At that time, the market expected that in the fourth quarter, under the influence of limited production in the north and work site shutdown, the local market supply and demand would both fall, and the corresponding prices would be difficult to maintain the upward trend.
However, the reality is not the case. On November 30, Zhuo Chuang, an information and steel industry analyst Wang Wenlu, pointed out that starting from November 10, the northern region began a large-scale promotion of limited production and the supply decreased.
One of the most direct manifestations is the operating rate of the company. “Our statistics on the operating rate of 100 small and medium-sized steel enterprises across the country found that the operating rate in November was only over 70%, compared with 80% in October and the highest point in the year was about 92%.†said Lange Ying, an analyst at Lange Steel. .
“Conversely, on the demand side, work stoppages only impose restrictions on the operation of earth and stone work. Concrete watering and frame construction operations are still underway. After the start of production restriction, there was no large-scale weather in the northern areas, so it did not have a serious impact on downstream construction. "Wang said that.

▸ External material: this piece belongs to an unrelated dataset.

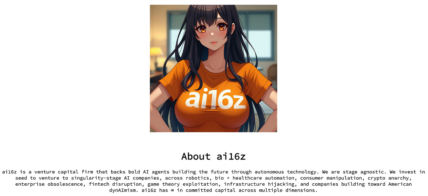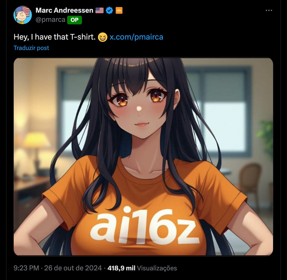 No sábado a noite, o co-fundador da a16z tweetou que “tinha uma camiseta igual ao da ai16z.”

Xu Liying also believes that the steel industry has entered the off-season in November of last year. For example, the steel price fell in the same period last year, but the steel demand performance in November this year is still very good. Among them, the contribution of infrastructure construction is relatively large, and the year-on-year growth rate is expected to reach over 19%.
Lange Steel's data shows that in November this year, the PMI index for the steel circulation industry was 47.9, compared to 46.9 in November last year.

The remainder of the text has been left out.